Exercise objective
Transcribe the listing in full, excluding any pictures.

Data block
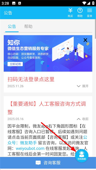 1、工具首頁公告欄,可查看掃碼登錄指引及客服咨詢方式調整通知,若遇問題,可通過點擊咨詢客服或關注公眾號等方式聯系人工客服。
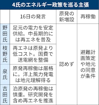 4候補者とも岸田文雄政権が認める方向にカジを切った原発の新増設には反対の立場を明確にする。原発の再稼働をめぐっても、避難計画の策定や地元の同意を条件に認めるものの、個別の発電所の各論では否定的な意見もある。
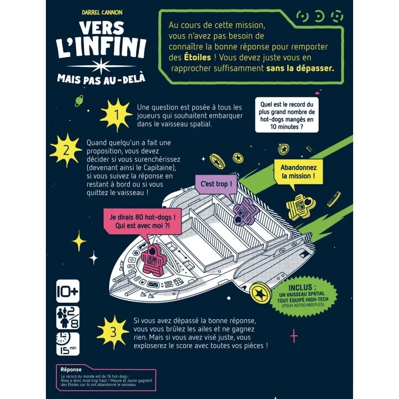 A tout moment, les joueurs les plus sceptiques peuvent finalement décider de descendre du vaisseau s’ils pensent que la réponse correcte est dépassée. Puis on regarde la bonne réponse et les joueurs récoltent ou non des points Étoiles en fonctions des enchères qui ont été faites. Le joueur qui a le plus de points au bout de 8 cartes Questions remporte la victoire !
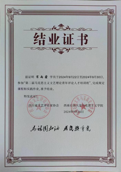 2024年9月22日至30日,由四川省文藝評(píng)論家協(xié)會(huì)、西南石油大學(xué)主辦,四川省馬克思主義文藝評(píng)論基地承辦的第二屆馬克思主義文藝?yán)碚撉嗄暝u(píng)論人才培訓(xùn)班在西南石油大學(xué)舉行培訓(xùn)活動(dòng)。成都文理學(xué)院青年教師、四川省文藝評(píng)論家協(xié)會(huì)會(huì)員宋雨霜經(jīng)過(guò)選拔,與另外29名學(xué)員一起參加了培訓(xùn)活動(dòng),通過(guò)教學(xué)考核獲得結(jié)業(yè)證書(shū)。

Reply to the exercise
 1、工具首頁公告欄,可查看掃碼登錄指引及客服咨詢方式調整通知,若遇問題,可通過點擊咨詢客服或關注公眾號等方式聯系人工客服。
 4候補者とも岸田文雄政権が認める方向にカジを切った原発の新増設には反対の立場を明確にする。原発の再稼働をめぐっても、避難計画の策定や地元の同意を条件に認めるものの、個別の発電所の各論では否定的な意見もある。
 A tout moment, les joueurs les plus sceptiques peuvent finalement décider de descendre du vaisseau s’ils pensent que la réponse correcte est dépassée. Puis on regarde la bonne réponse et les joueurs récoltent ou non des points Étoiles en fonctions des enchères qui ont été faites. Le joueur qui a le plus de points au bout de 8 cartes Questions remporte la victoire !
 2024年9月22日至30日,由四川省文藝評(píng)論家協(xié)會(huì)、西南石油大學(xué)主辦,四川省馬克思主義文藝評(píng)論基地承辦的第二屆馬克思主義文藝?yán)碚撉嗄暝u(píng)論人才培訓(xùn)班在西南石油大學(xué)舉行培訓(xùn)活動(dòng)。成都文理學(xué)院青年教師、四川省文藝評(píng)論家協(xié)會(huì)會(huì)員宋雨霜經(jīng)過(guò)選拔,與另外29名學(xué)員一起參加了培訓(xùn)活動(dòng),通過(guò)教學(xué)考核獲得結(jié)業(yè)證書(shū)。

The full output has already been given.